Mr Stroll, who ousted chief executive Andy Palmer and fielded Mercedes-AMG boss Tobias Moers to replace him, said he took the lead role “to give clear leadership to the company. , to our partners and our dealers ”.

He added that this included an “initial reset in order to realize our ambition to make Aston Martin one of the world’s leading luxury car brands”.

This saw the dealer’s inventory reduced by 869 cars, which equates to about three months of sales. Mr Stroll is desperate to match production with demand, as this will cut costs and make cars more exclusive, limiting the discounts that were previously offered to boost sales.

The results also revealed accounting issues which mean Aston underestimated its losses last year by £ 15.3million, meaning its actual loss was £ 70.9million in 2019 rather than the 55.6 million pounds she brought in.

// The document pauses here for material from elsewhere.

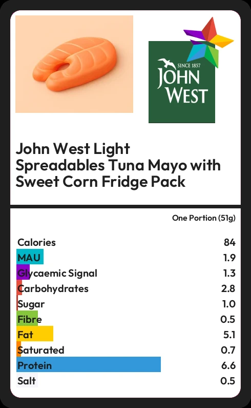John West Light Spreadables Tuna Mayo with Sweet Corn Fridge Pack contains 84.2 calories in one Portion (51g).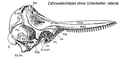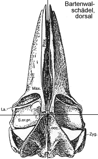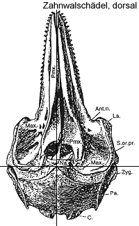Processus ascendens des Maxillare, Bo. - Basioccipitale C. - Condylus occipitalis, Ex.oc. - Exoccipitale, Fr. - Processus infraorbitalis des Maxillare, Ju. - Jugale, La. - Lacrymale, Max. - Maxillare, Na. - Nasale, Pa. - Parietale, Pal. - Palatinum, Pmx. - Praemaxillare, Prs. - Praesphenoid, Pt. - Pterygoid, S.oc. - Supraoccipitale, S.or.pr. - Processus supraorbitalis des Frontale, Sq. - Squamosum Vo. - Vomer, Zyg. - Processus zygomaticus des Squamosum. Nach KELLOGG 1928. |

Incentives and marketing costs for dealerships in the United States were the cause of the problem, said new CFO Ken Gregor, who discovered the problem was a non-cash cost.

He described it as “a timing error” caused by different accounting standards, Aston “passing from a misunderstanding”.

During the period, Aston managed to reduce its crushing debt, reducing it from £ 237million to £ 751million.